Present study indicated that β3 integrin expression in women with unexplained infertility is impaired in the window of implantation. Healthy fertile women showed 2.3-fold higher β3 integrin mRNA expression than patients with unexplained infertility. β3 integrin proposed as a useful marker of the endometrial receptivity. During the menstrual cycle, maximal expression of β3 integrin in fertile women has been found in the implantation window (10). Blockade of the endometrial β3 integrin causes implantation failure (9).
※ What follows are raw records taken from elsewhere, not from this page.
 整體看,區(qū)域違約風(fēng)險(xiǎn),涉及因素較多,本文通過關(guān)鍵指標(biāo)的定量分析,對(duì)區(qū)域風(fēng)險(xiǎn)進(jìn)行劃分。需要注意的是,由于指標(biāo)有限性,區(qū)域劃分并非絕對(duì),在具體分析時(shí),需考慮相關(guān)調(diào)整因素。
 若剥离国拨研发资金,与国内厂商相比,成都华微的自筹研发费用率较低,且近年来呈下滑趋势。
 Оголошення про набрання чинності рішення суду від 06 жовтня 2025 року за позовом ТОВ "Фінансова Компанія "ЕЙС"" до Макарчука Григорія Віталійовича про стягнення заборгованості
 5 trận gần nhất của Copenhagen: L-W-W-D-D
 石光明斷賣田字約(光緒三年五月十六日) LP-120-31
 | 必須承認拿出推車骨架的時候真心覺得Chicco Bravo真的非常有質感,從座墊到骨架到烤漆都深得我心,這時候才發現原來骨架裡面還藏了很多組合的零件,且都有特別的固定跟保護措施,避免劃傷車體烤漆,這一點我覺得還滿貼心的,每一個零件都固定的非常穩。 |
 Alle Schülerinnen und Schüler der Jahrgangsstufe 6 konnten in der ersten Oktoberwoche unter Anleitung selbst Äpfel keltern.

However, there are conflicting data about β3 integrin expression in endometrium of women with unexplained infertility. Some authors reported that there is no difference in β3 integrin expression in women with recurrent pregnancy loss (RPL) compared to fertile women (33-35). Nevertheless, Lessey et al, Tei et al, Othman et al and Germeyer et al found that women with unexplained RPL have reduced β3 integrin expression compared to controls (8, 10, 36, 37). DuQuesnay et al found that αvβ3 integrin mRNA expression reduced in mid-luteal phase in women with unexplained infertility (26).
Immunohistochemical studies showed that β3 integrin is reduced in patients with unexplained infertility in comparison with healthy controls (38-40). In addition, flow cytometric analysis showed that unexplained infertile women expressed lower concentrations of β3 integrin in mid-secretory phase (22). However, there are no statistically significant differences regarding αvβ3 integrin expression between infertile patients with unexplained infertility (24, 26) and endometriosis (41) compared to control women. The discrepancies that observe in expression patterns of β3 integrin could be related to technical differences.
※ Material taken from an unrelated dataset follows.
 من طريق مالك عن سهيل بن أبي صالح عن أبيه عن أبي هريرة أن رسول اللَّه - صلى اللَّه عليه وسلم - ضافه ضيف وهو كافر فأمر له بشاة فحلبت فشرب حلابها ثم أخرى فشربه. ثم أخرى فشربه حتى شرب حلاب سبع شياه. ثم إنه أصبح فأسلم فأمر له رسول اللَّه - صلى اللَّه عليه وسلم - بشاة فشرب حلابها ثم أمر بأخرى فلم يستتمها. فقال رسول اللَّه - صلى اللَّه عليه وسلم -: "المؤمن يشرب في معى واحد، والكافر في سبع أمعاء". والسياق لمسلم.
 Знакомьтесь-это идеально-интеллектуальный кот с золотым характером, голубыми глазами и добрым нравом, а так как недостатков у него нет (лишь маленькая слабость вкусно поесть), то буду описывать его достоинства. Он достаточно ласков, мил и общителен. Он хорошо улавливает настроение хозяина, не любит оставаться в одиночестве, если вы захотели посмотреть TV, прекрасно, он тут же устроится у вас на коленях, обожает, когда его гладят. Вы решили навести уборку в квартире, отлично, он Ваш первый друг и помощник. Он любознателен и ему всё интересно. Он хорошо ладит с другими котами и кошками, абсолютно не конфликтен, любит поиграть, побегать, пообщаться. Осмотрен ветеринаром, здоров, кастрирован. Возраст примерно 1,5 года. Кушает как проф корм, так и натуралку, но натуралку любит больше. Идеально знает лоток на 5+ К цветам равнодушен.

Present study also showed down-regulation of endometrial calcitonin in the mid-luteal phase in women with unexplained infertility compared to the fertile controls. Calcitonin mRNA expression in healthy fertile group was 2.4-fold higher than infertile women. Calcitonin is expressed in the human uterine epithelium during the implantation window and has been suggested that it is one of the uterine receptivity biomarkers. It has been indicated also that the expression of calcitonin in the uterus is regulated by progesterone (12). Calcitonin may facilitate uterine receptivity by down-regulating the E-cadherin expression in rodent uterine epithelium and by inducing the tTGase expression in human endometrial epithelial cells (EECs) (15).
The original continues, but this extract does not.